More, despite von Tobel’s experience in fintech and Pritzker’s in real estate especially, Inspired Capital has no plans to limit itself to any sector, von Tobel says. Inspired Capital is just as interested in consumer, media, healthcare and enterprise SaaS startups as money or property management, she stresses.

One of Inspired’s first checks went to Chief, a private women’s network that offers C-suite execs and vice presidents mentorship opportunities, career coaching sessions and networking events. (Inspired co-led the company’s $22 million Series A round with General Catalyst this past summer.) Another is Umbrella, a kind of TaskRabbit that’s more expressly focused on the aging population.

Other deals include Kindur and Rho.

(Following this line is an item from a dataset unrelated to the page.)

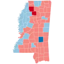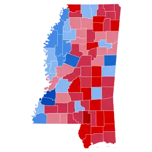 Mississippi is one of the most racially polarized states in presidential elections. Black Mississippians almost uniformly vote Democratic, while white Mississippians vote Republican nearly as consistently. In 2004, 14% of white Mississippians voted for John Kerry and 10% of African Americans voted for Bush.[7] Kerry's main support lay in the western counties on the Delta and next to the Mississippi River.

Kindur is a platform that aims to help users choose annuities, as well as optimize their other investments and Social Security options. Rho, like Brex, is aiming to offer fast and flexible digital banking services to entrepreneurs.

Generally, says von Tobel, Inspired Capital will be writing checks that range from $500,000 on the low end, all the way up to $10 million for companies that are starting to gain real traction. In exchange, it will seek ownership in the “low single digits all the way to double digits, depending on where the company is,” she says.

As for how soon is too soon to approach the firm, von Tobel says that, unlike a lot of seed-stage firms, Inspired isn’t necessarily looking for traction as much as it is founders who are, well, inspiring.

Says von Tobel, “We’re definitely not afraid of partnering with an exceptional person before they have an idea.”